Structure confidence and disorder

AF predicted structures cover 98.5% of the human proteome and involve complete protein chains in their monomeric state. Each amino acid in an AF model has a confidence score (pLDDT) that ranges from 0 to 100, indicating which regions could be considered equivalent to an experimentally determined structure. It is estimated that around 30% of the amino acids of the human proteome are located in non-globular regions, such as intrinsically disordered regions. Therefore, it is not surprising that AF predicted structures regularly include regions with low pLDDT scores (PMID). These permanently or transiently disordered segments are often not defined in experimental structures, and therefore, till now, A3D was unaware of them. Now they are incorporated in the A3D Database. A3D predictions are blind to the dynamic nature of these regions since AF models correspond to static frames of the conformational ensemble of these regions. Therefore, the presence of disordered low AF confidence regions might artificially increase the presence of S-APRs* in adjacent high confidence protein domains.
* (Surface-exposed Aggregation Prone Regions)

To deal with this issue, the A3D dataset includes two additional precalculated structural aggregation profiles per default, which correspond to predicted structures with pLDDT thresholds: >70% and >50% confidence, which were defined after manually curating the 100 randomly selected AF models.

In the following points, we outline different situations users may face:
• Proteins with high confidence values: the overall AF predicted structure possesses high pLDDTs. All three computed structures converge into a unique aggregation prediction. Well-defined S-APRs can be delineated from A3D output structures. (representative examples: Q68D91, S4R460)
• Proteins with limited low confidence regions: proteins that display local surface modifications with confidence thresholds of >70% or >50% pLDDT. An increase or decrease of localized S-APRs can be observed.
(representative examples: P09382, Q9UKL6, Q5EE01)
• Multidomain proteins: proteins with two or more globular domains that correspond to well-defined and confident regions, while tethering elements that connect globular domains possess low pLDDT values. The analysis with restricted pLDDT thresholds often results in disconnected domains and, as a consequence, some previous sheltered APR might become exposed. As a result, S-APRs might diverge in the tree models, and their boundaries are less evident.
(representative examples: Q96MN5, Q96DA0)
• Proteins with extended low-confidence regions: proteins with large low confidence regions localized in flexible C-, N- termini, or long loops, usually displayed around a well-defined globular core. With the 70% and 50% pLDDTs cutoffs, disordered regions are often excluded from the model and, therefore, not considered in A3D prediction. As a result, the A3D predictions correspond to well-defined globular domains. Note that we might observe the presence of free amino acids in some cases, unattached to the protein main chain, essentially because they are in the exclusion limit between two pLDDT thresholds.
(representative examples: Q9NRE2, Q8NFW1)
• Proteins with overall low confidence: usually, short polypeptides that are mostly disordered, exposing most of its surface to solvent. In some cases, we lose all the structure in predictions corresponding to >70% or >50% pLDDT threshold.
(representative examples: Q8N9P0, Q8TEV8, Q9GZY1)

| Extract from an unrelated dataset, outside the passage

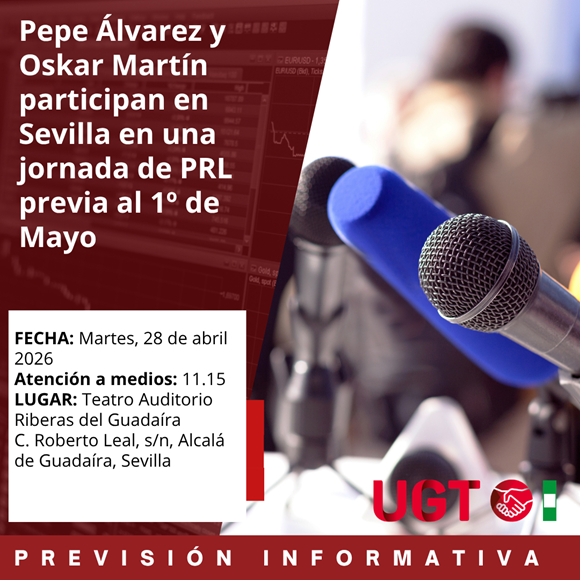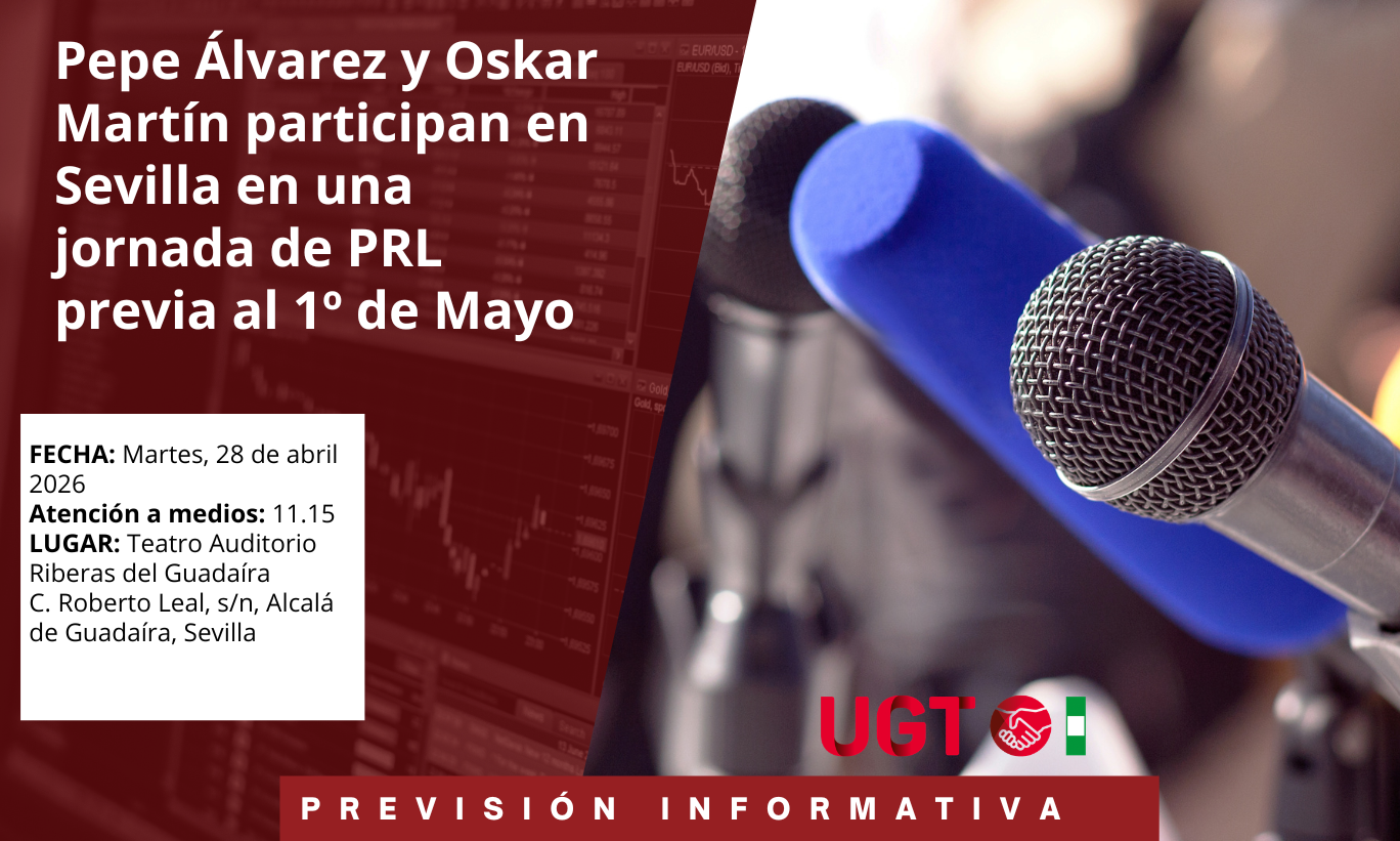 Este martes, 28 de abril, en el Teatro Auditorio Riberas del Guadaíra de Alcalá de Guadaíra (Sevilla), se celebrará una jornada de PRL de delegadas y delegados del sindicato en la que participará el secretario General de UGT , Pepe Álvarez, el secretario General de UGT Andalucía, Oskar Martín y la candidata del PSOE a la Junta de Andalucía, María Jesús Montero.

Quaternary structure context

In the AF database, structure predictions are restricted to single chains. This precludes the analysis of the quaternary structure context in the A3D Database. The overlap between the physicochemical properties governing protein-protein native interactions and non-native contacts triggering aberrant self-assembly implies that protein interfaces are enriched in S-APRs. In proteins displaying quaternary structure, this results in an over-prediction of S-APRs in protein monomers, relative to native the same subunits in the oligomeric state.

Gathering important information

We strongly encourage users to compile as much as possible information about their case study protein to exploit A3D predictions.
Some helpful questions to shape the output would be:
• (i) Does the protein possess disordered regions?
• (ii) Do these disordered segments correlate with low pLDDT?
• (iii) Does the protein bind another protein? Does it form a homo- or hetero-oligomer?
• (iv) Does the protein contain a signal peptide?
• (v) Is the protein the mature form or on the contrary, is a proprotein?

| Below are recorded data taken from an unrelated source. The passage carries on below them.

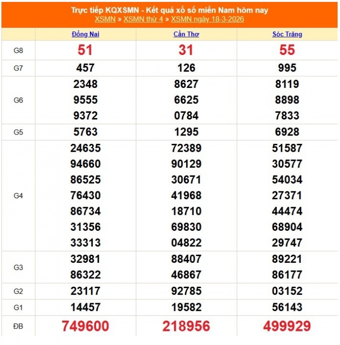 Kết quả xổ số miền Nam ngày 18/3/2026
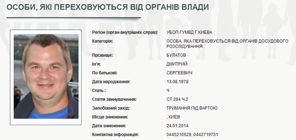 В частности, Дмитрий Булатов значится как лицо, скрывающееся от органов досудебного следствия. Обвиняется по статье 294 части 2 УК Украины («массовые беспорядки, приведшие к гибели людей либо иным тяжким последствиям»), санкциями этой статьи предусматрено лишение свободы на срок от восьми до 15 лет.
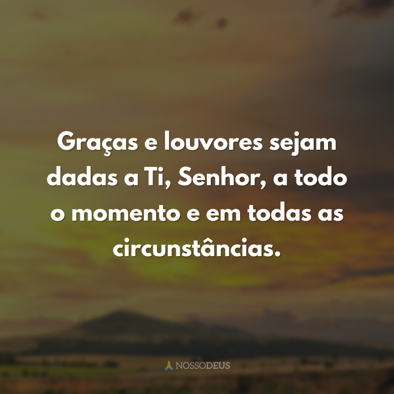 Graças e louvores sejam dadas a Ti, Senhor, a todo o momento e em todas as circunstâncias.
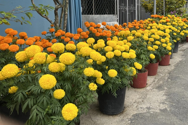 Những chậu bông vạn thọ vàng rực rỡ
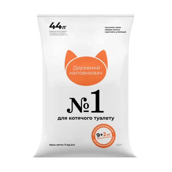 Деревний наповнювач №1 для котячого туалету, 9 + 2 кг (44 л)
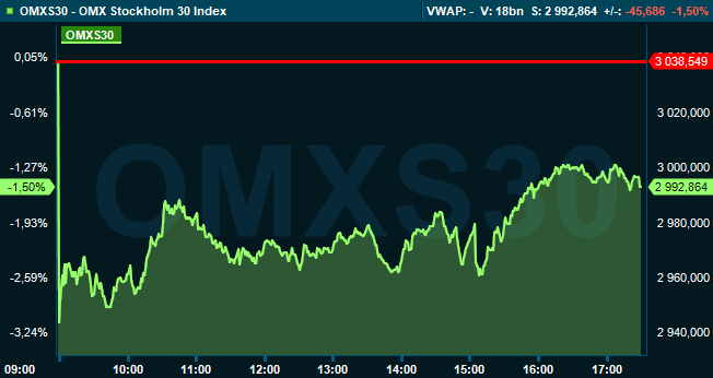 Vid stängning hade storbolagsindexet OMXS30 ned 1,5 procent till nivån 2.993. Aktier för omkring 27 miljarder konor var då omsatta på Stockholmsbörsen i sin helhet.
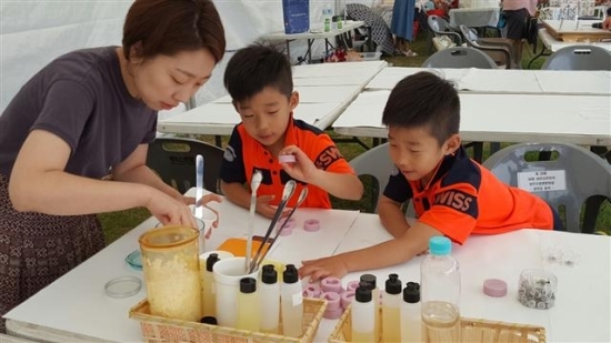 ▲ 영화제를 찾은 가족이 공방 체험을 하고 있다.

In addition to the aforementioned pieces of advice, we also recommend reviewing dedicated bibliography on how to manage the A3D algorithm and how to evaluate its aggregation predictions:
1. AGGRESCAN3D: Toward the Prediction of the Aggregation Propensities of Protein Structures, Methods Mol Biol. 2018, 1762:427-443.
2. Aggrescan3D (A3D) 2.0: prediction and engineering of protein solubility, Nucleic Acids Res. 2019, 47(W1):W300-W307.
3. AGGRESCAN3D (A3D): server for prediction of aggregation properties of protein structures, Nucleic Acids Res. 201, 43(W1):W306-13.
4. Computational prediction of protein aggregation: Advances in proteomics, conformation-specific algorithms and biotechnological applications, Comput Struct Biotechnol J. 2020, 18:1403-1413.

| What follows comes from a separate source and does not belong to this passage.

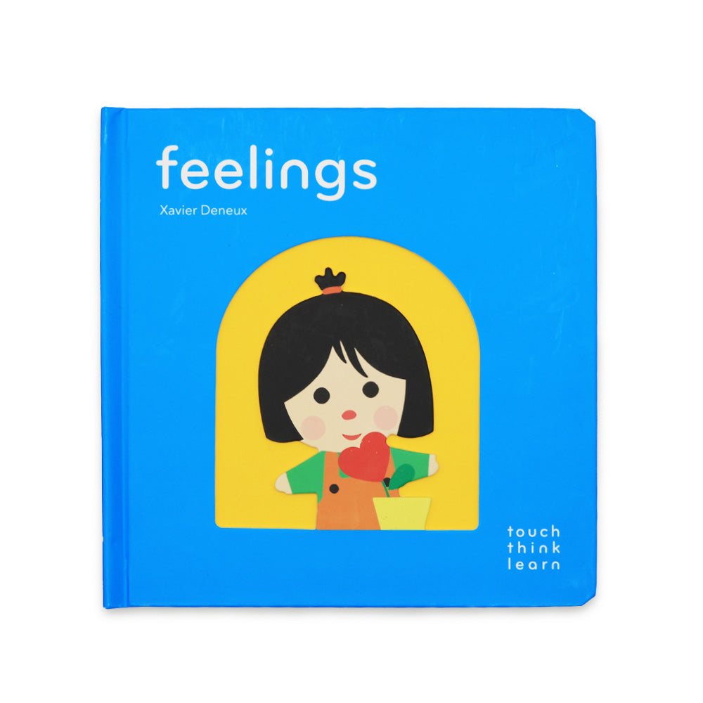 TouchThinkLearn: Feelings by Xavier Deneux is a tactile board book with scooped-out die-cuts and raised elements that invites little readers to explore a range of emotions—from joy to anger—in a hands-on way.

The AlphaFold Protein Structure Database collects 23391 predictions assigned to the Homo sapiens proteome, corresponding to 20504 unique UniProt entries. This set covers well the subset of human proteins with reviewed status, which are longer than 16 amino acids. The extremely long sequences (longer than 2700 residues and up to 34350) were split into overlapping fragments and modeled independently. As a result, the AF-DB provides multiple structure predictions, a few to several dozen, for a particular UniProt identifier.
The surface of membrane proteins exhibits distinct physicochemical properties that exert a considerable influence on A3D predictions. Consequently, we have identified a comprehensive set of transmembrane and intramembrane proteins, totaling 5934 in count. Expanding the scope of this database, we have included membrane proteins, encompassing not only A3D-derived aggregation predictions but also providing TOPCONS-generated membrane predictions. This augmented approach has been further enhanced by annotation with signal peptide information for 4360 entries.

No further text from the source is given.